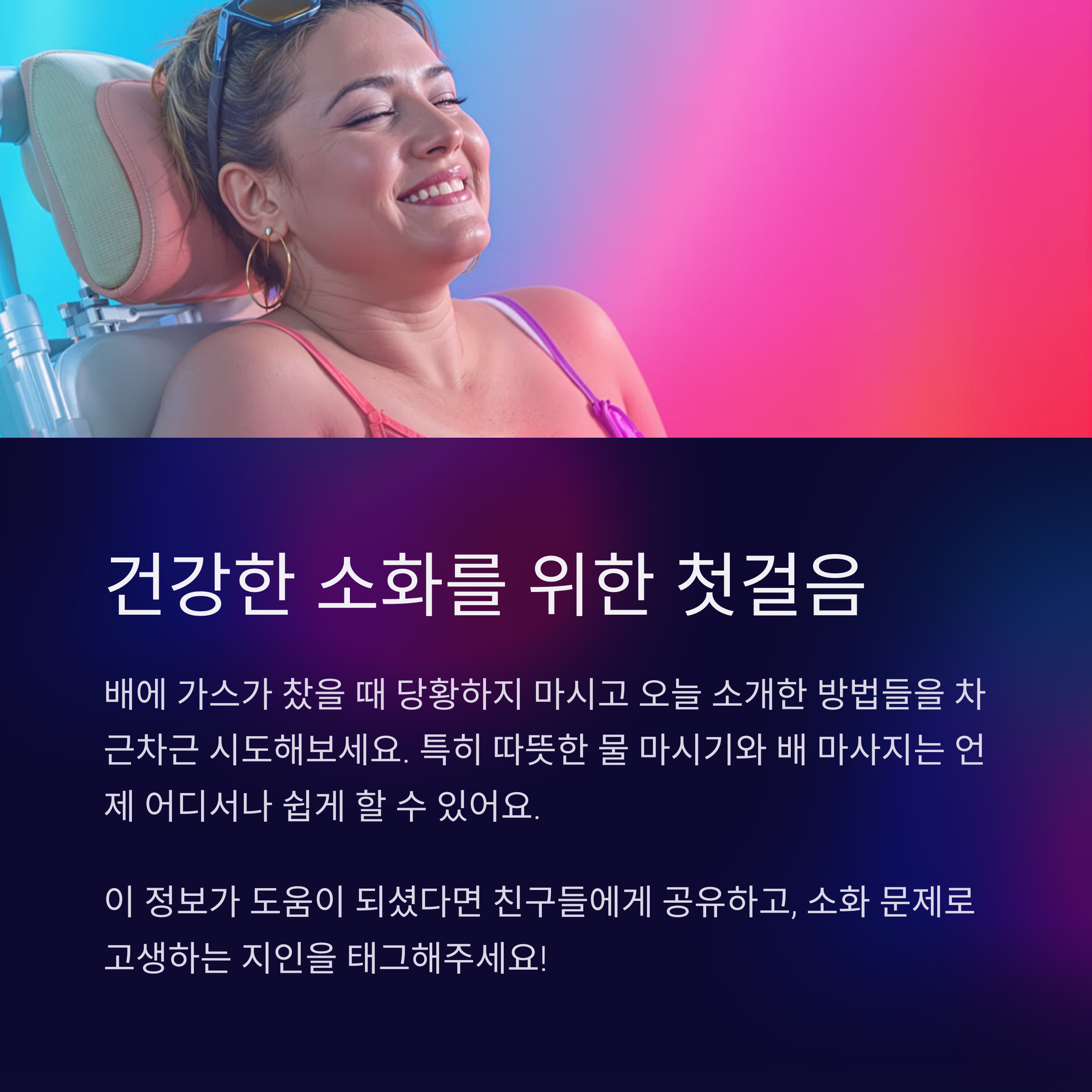 배에 가스가 찼을 때 당황하지 마시고 오늘 소개한 방법들을 차근차근 시도해보세요. 특히 따뜻한 물 마시기와 배 마사지는 언제 어디서나 쉽게 할 수 있는 방법이니 기억해두시면 도움이 될 거예요. 건강한 소화를 위해서는 평소 올바른 식습관을 유지하는 것이 가장 중요하다는 점, 잊지 마시길 바랍니다!
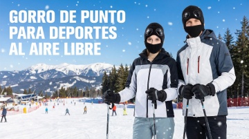 以图中的针织护耳帽子为元素,运动户外,男女通用,设计6张跟针织护耳帽子有关的图,比例 「16:9」,语言是西班牙语
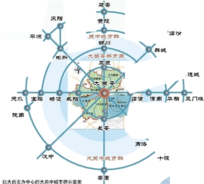 组建大西安,实现西咸一体化还不够。因为大西安还只是与重庆、成都、武汉、郑州抗衡而已,不像当年的汉唐长安是鹤立鸡群,还不足以担负起丝绸之路经济带新起点和丝绸之路经济带中国中心的重任。为此,还必须整合大关中,构建大西安为中心的大关中城市群。国家在关中周边布局了跨省域的成渝城市群、长江中游城市群、中原城市群及呼包鄂榆城市群,都比关中城市群大。特别是和关中同处亚欧大陆桥经济带的中原城市群,是以国家中心城市郑州大都市区为中心,辐射河南、山西、安徽、河北、山东五省的大中原城市群,对西安为中心的关中城市群形成强大压力和挑战。目前陕西联合甘肃构建的关中—天水城市群虽然是跨省域的,但远不如成渝城市群、长江中游城市群和中原城市群,担负不起丝绸之路经济带新起点和“一带一路”核心区的重任。
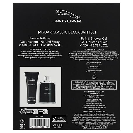Thương hiệu Jaguar là cái tên nổi tiếng được rất nhiều khách hàng trên thế giới chọn lựa. Với kiểu dáng đẹp mắt, sang trọng, sản phẩm Jaguar Classic Black for Men - 2 Pc Gift Set 3.4oz EDT Spray, 6.7oz Bath and Shower Gel là sự lựa chọn hoàn hảo nếu bạn đang tìm mua một món cho riêng mình.
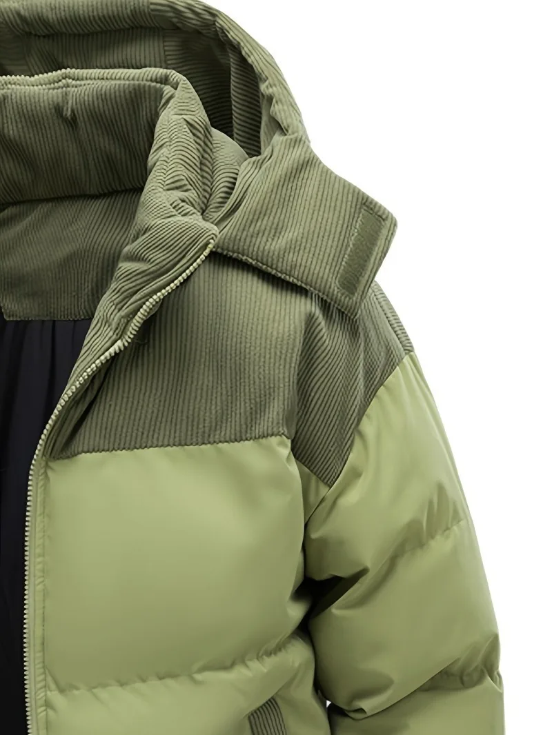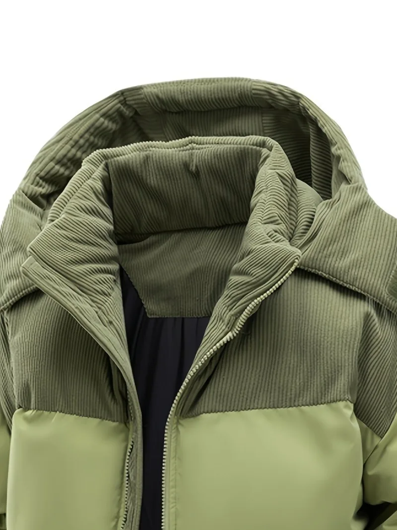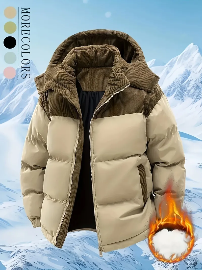 Men'S Heavy-Duty Winter Jacket - Full-Zip Hooded Coat with Zippered Pockets Non-Stretch Fabric for Cold Weather

_What you will do_
Leaving pictures aside, give again word for word each line from the one with "以图中的针织护耳帽子为元素,运动户外,男" to the final line of the entries.

_Response for this exercise_
 以图中的针织护耳帽子为元素,运动户外,男女通用,设计6张跟针织护耳帽子有关的图,比例 「16:9」,语言是西班牙语
 组建大西安,实现西咸一体化还不够。因为大西安还只是与重庆、成都、武汉、郑州抗衡而已,不像当年的汉唐长安是鹤立鸡群,还不足以担负起丝绸之路经济带新起点和丝绸之路经济带中国中心的重任。为此,还必须整合大关中,构建大西安为中心的大关中城市群。国家在关中周边布局了跨省域的成渝城市群、长江中游城市群、中原城市群及呼包鄂榆城市群,都比关中城市群大。特别是和关中同处亚欧大陆桥经济带的中原城市群,是以国家中心城市郑州大都市区为中心,辐射河南、山西、安徽、河北、山东五省的大中原城市群,对西安为中心的关中城市群形成强大压力和挑战。目前陕西联合甘肃构建的关中—天水城市群虽然是跨省域的,但远不如成渝城市群、长江中游城市群和中原城市群,担负不起丝绸之路经济带新起点和“一带一路”核心区的重任。
Thương hiệu Jaguar là cái tên nổi tiếng được rất nhiều khách hàng trên thế giới chọn lựa. Với kiểu dáng đẹp mắt, sang trọng, sản phẩm Jaguar Classic Black for Men - 2 Pc Gift Set 3.4oz EDT Spray, 6.7oz Bath and Shower Gel là sự lựa chọn hoàn hảo nếu bạn đang tìm mua một món cho riêng mình.
 Men'S Heavy-Duty Winter Jacket - Full-Zip Hooded Coat with Zippered Pockets Non-Stretch Fabric for Cold Weather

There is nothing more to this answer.